As 62-year-old author Hilary Boyd said in 2012, “I’m finally beginning to understand the benefits of age. It’s all about freedom. I now feel I’m free to make choices based on my own desires, not necessarily on what I ought to do. My friend calls it ‘the f— factor.’”
So, as Curtis is starting to shade into our vintage (I see from somewhere else that he’s breached 50), maybe he should be looking and learning, and then taking a leaf from our books (written by the new go-to demographic), rather than us from his.

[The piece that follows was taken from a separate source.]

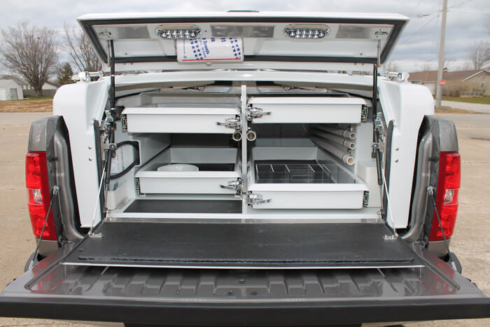 Additional Standard Features: Remote Keyless Entry with two multi-function key fobs. Large 18 gallon water tank with outside fill. Digital thermostat to regulate water temperature. 12V diaphragm water pump. Day Heater: hi-output w/ thermostat & circulating fan. Night Heater: w/ thermostat & circulating fan. Large flush mounted 43″ top doors and flush mounted rear door with dual gas struts. Automatic LED interior lights with manual override. HQ modular wiring system. All stainless steel bolts and screws. 3 point lift eyes. Air vent. 22′ 110v power cord. Automotive weather stripping. Flush mounted door handles with common key. Low profile design provides ample rear visibility. One removable 19″ x 25″ right upper drawer with dividers for 100cc injectables. Two removable 19″ x 33″ lower drawers. Large top storage tray with dividers. Rechargeable field emergency light. Quick disconnects for easy unit removal.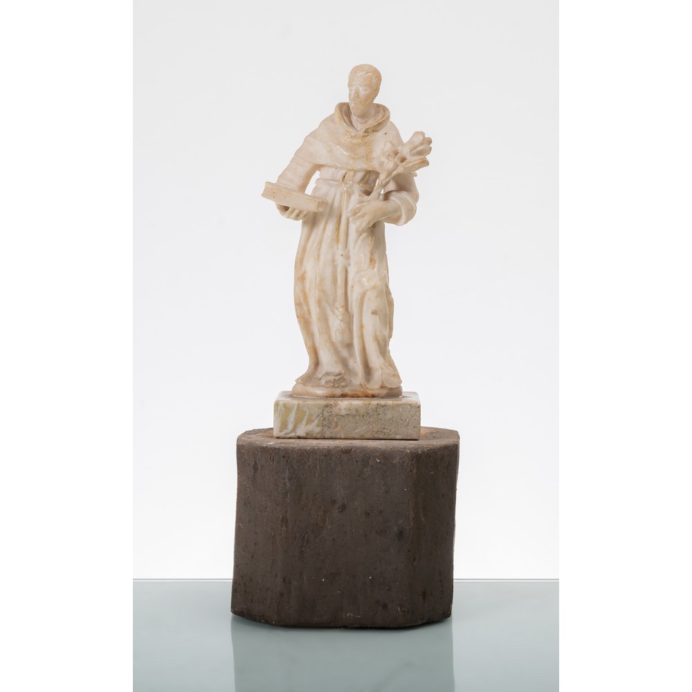 Scultura in alabastro raffigurante "Santo" con base in marmo e supporto in legno (difetti).

As active demonstrators of our clothing freedom, let’s not be shamed by the likes of him. Instead, let’s be a public statement of continuing to do our own thing, by wearing a range of clothes that we like, without assessing their age-appropriateness, which – for women of my age – includes the cardinal rule of always wearing sleeves to cover up those saggy arms, however hot the weather. Craazzy!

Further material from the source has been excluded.